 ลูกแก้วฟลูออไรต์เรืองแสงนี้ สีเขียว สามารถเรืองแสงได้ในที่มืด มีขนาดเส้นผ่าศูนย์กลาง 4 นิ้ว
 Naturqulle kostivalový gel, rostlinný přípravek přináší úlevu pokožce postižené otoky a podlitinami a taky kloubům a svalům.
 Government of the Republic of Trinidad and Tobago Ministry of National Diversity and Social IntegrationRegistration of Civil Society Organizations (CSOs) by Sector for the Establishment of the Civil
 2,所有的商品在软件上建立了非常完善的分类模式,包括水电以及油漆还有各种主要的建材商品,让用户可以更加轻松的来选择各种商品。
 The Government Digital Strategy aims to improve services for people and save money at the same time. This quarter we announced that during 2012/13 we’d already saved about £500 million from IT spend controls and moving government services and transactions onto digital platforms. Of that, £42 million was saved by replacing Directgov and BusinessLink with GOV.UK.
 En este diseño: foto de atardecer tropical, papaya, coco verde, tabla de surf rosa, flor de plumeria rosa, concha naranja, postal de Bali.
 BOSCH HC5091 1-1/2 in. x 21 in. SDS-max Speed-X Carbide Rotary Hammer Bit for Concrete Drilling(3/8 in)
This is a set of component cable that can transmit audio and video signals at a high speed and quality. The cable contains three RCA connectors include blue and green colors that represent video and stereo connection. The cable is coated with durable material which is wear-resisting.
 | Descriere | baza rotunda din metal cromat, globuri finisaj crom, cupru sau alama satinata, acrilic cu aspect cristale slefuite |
...
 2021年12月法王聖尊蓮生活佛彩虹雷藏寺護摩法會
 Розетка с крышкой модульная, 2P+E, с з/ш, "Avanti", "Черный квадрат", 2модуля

◆ PROBLEM TO SOLVE:
Reproduce each line from the records that contains the word "with".

◆ FINAL ANSWER:
 The Government Digital Strategy aims to improve services for people and save money at the same time. This quarter we announced that during 2012/13 we’d already saved about £500 million from IT spend controls and moving government services and transactions onto digital platforms. Of that, £42 million was saved by replacing Directgov and BusinessLink with GOV.UK.
This is a set of component cable that can transmit audio and video signals at a high speed and quality. The cable contains three RCA connectors include blue and green colors that represent video and stereo connection. The cable is coated with durable material which is wear-resisting.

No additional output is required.